Melilite is the second in abundance (Table 1). Its grains have a prismatic habit and frequently reach 0.5 mm (Fig. 3d), being usually in a close association with clinopyroxene, leucite, wollastonite or sepiolite, and calcite (Figs. 4a, 4c, 5b–5d). A series of solid solution extends from åkermanite, Ca₂MgSi₂O₇, to its boundary with the gehlenite field, Ca₂Al(Al,Si)O₇ (Fig. 8; Supplementary 1, ESM_2). Significant amount of Na (up to 0.30 apfu) isomorphically substitutes for Ca in this series (Fig. 9). Acicular melilite crystals are observed in the intergrowths with calcic plagioclase Or_6.1–8.8Ab_17.5–19.3An_71.9–76.3 (Fig. 4g). The representative results of SEM–EDS analyses are as follows (in wt %): SiO₂ 50.10, Al₂O₃ 28.74, Fe₂O₃ 3.34 (all Fe as Fe₂O₃), CaO 14.96, Na₂O 2.22, K₂O 1.54, Total 100.90, which corresponds to the formula (Ca_0.74Na_0.20K_0.09)_Σ1.03(Si_2.30Al_1.56\({\text{Fe}}_{{0.12}}^{{3 + }}\))_Σ1.98O₈.

Fig. 8.

Compositional variations of melilite, i.e., members of the åkermanite–gehlenite series (Åk–Gh) in the diagram Mg–^VIAl–Fe²⁺ based on results of 83 analyses (n = 83).

Fig. 9.

Compositional variations of minerals of the åkermanite–gehlenite series in the Ca–Na diagram expressed in atoms per formula unit (apfu) (n = 83).
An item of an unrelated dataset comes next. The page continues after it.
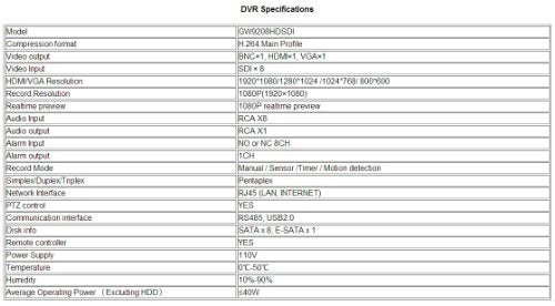- GW9208HDSDI: HD-SDI High Definition 8 Channel DVR, 1080P real-time preview, support 8HDD, support E-SATA, support LOOP. 8 alarm in/1 out. iPhone, Android Viewing. HDMI & VGA. Recording, playback, and network live, backup, USB2.0 Backup, PTZ Control

Leucite is developed as unevenly disseminated small grains or forms veinlets no more than 0.1 mm across, microcrystals and their aggregates or symplectites in melilite, as well as rims around it (Figs. 3d–3f, 5a–5d). Its grains contain a significant admixture of Na and Fe: up to 1–1.5 wt % Na₂O and FeO, respectively (Supplementary 1, ESM_3).

Wollastonite forms small grains (up to 0.1 mm) in association with clinopyroxene and melilite (Figs. 5a–5d) or inclusions in glass (Figs. 4e, 4f). It usually contains up to 2 and 1 wt % MgO and FeO, respectively (Supplementary 1, ESM_4). Inclusions and veinlets of calcite reach 0.3–0.4 mm long (Figs. 3c, 4b, 4c). Its grains could be significantly enriched in Mg (6 wt % MgO; Supplementary 1, ESM_5). Calcite ascribed to the later generation is associated with sepiolite (Figs. 4a, 4c). Micrograined clusters of larnite are associated with melilite (Fig. 4d). The composition of larnite (Supplementary 1, ESM_6) closely corresponds to Ca₂SiO₄.

The sepiolite–palygorskite grains up to 0.5 mm across contain 17–25 wt % MgO (Supplementary 1, ESM_7). The average composition of sepiolite (based on analyses of 19 grains) can be satisfactorily recalculated (on a water-free basis) per 32 oxygen atoms: (Mg_6.84Ca_0.63Fe_0.17K_0.16Mn_0.03)_Σ7.83(Si_11.29Al_1.09)_Σ12.38O₃₂. It is pertinent to mention that the inner rims of the brownmillerite developed in host sepiolite (Fig. 4a) have a low-Al composition: Ca_1.97(\({\text{Fe}}_{{0.96}}^{{3 + }}\)Al_0.64Si_0.15Mg_0.12Ti_0.07Mn_0.07)_Σ2.01O₅, which corresponds to srebrodolskite (Fe³⁺-dominant analogue of brownmillerite: Chesnokov and Bazhenova, 1985) (Supplementary 1, ESM_8).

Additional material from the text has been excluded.